Unfortunately for this council election canvasser he had the misfortune to run into someone, me, who knew a lot more about his party’s activities in local government than he seemed to know himself. To his statement about Lib Dems being good in local government I brought up the case of the Bath and North East Somerset Lib Dem run council that is implementing business and freedom killing Low Traffic Networks and said that I feared the Lib Dems would also bring that where I lived.

In addition to that I brought up the disgraceful recent episode where, at the height of a fuel and energy crisis, Lib Dem peers in the House of Lords had passed motions banning any new coal mines in the UK.

He then asked me who I would vote for if not the Lib Dems and I said that if there was not a Reform Party or SDP candidate or half decent independent on the ballot then I would spoil my ballot paper.

I was very polite to this man but I left him in no doubt that I would not vote for the Lib Dems and was able to give valid reasons why I could not. Sometimes it’s possible to put aside political badges and see and vote for the person up for election, however there are other times when political badges and political party loyalties matter and this was one occasion when I believed that it did. I can’t vote Lib Dem, I’ve read enough about them and know enough about them to know that to give my vote to this bunch of Janus-faced chancers is to vote against my own interests.

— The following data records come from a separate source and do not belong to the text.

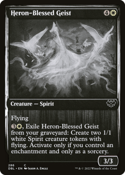 Flying {3}{W}, Exile this card from your graveyard: Create two 1/1 white Spirit creature tokens with flying. Activate only if you control an enchantment and only as a sorcery.
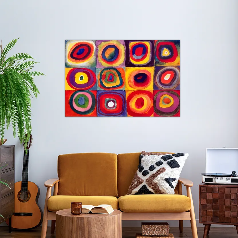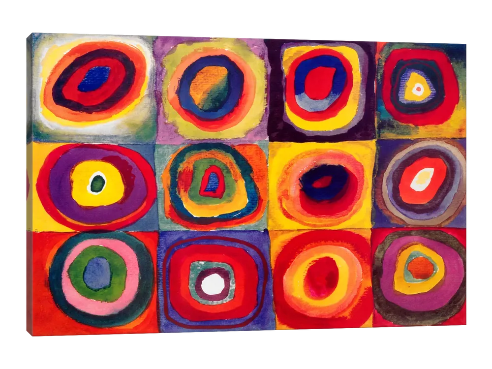 اللوحة عبارة عن شبكة (Grid) مكونة من اثني عشر مربعًا. داخل كل مربع من هذه المربعات، يوجد تصميم مستقل من الدوائر الملونة التي تشترك جميعها في نفس النقطة المركزية.
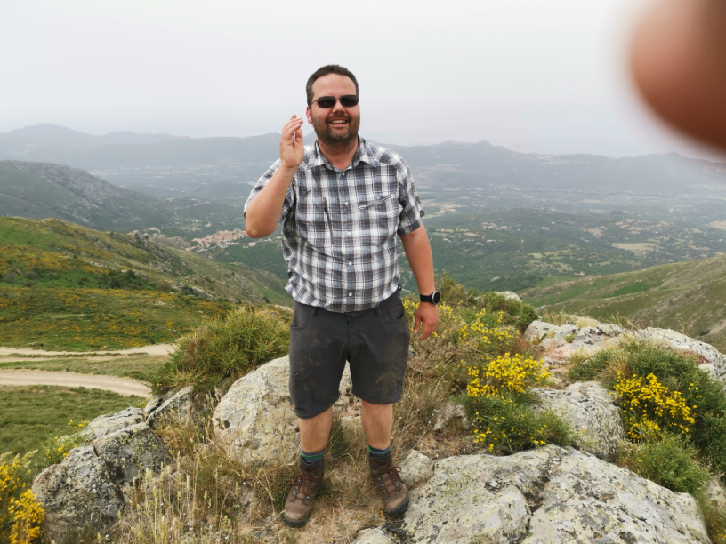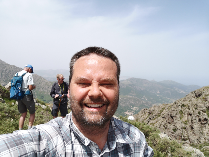 Toppen er egenlig rimmelig stor og flad og vi tager derfor lidt billeder af hinanden og 360 graders video. Selvom det virkelig ikke er til at se på billederne og video at vi stor på toppen og at der er langt til nabo topperne, så er det nu meget vellyket alligevel.
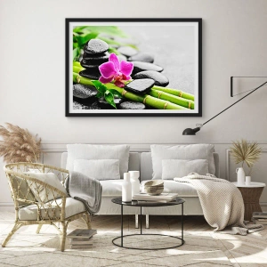Poster in cornice nera - Orchidea viola, pietre nere e bambù in una composizione tranquilla - 70x50cm - Un tranquillo equilibrio - Decorazione murale moderna per soggiorno e camera da letto ARTTOR

There’s no Labour candidate in my ward so I will not be getting the Labour canvasser next which robs me of the opportunity to be considerably less polite to him or her. I would behave in this manner as I’ve had the misfortune to live in a number of different Labour run shitholes in the past and having seen how this party operates when it has control, I’d rather eat my own earwax than vote Labour.

2 Comments on "An interesting, but funny, encounter."

  1. Well yes, interesting! I can’t quite see the point of the Lib Dems either, Janus-faced as you put it, but we exist in a parlimentary democracy and need all shades of organised opposition to challenge the status quo of easily elected representatives. The Libs Dems as a third force lost much of their support in 2015 when Nick Clegg went into coalition with David Cameron to support his minority government.

    They now seem to be recovering a bit, it will be intersesting to see what happens in the May local elections.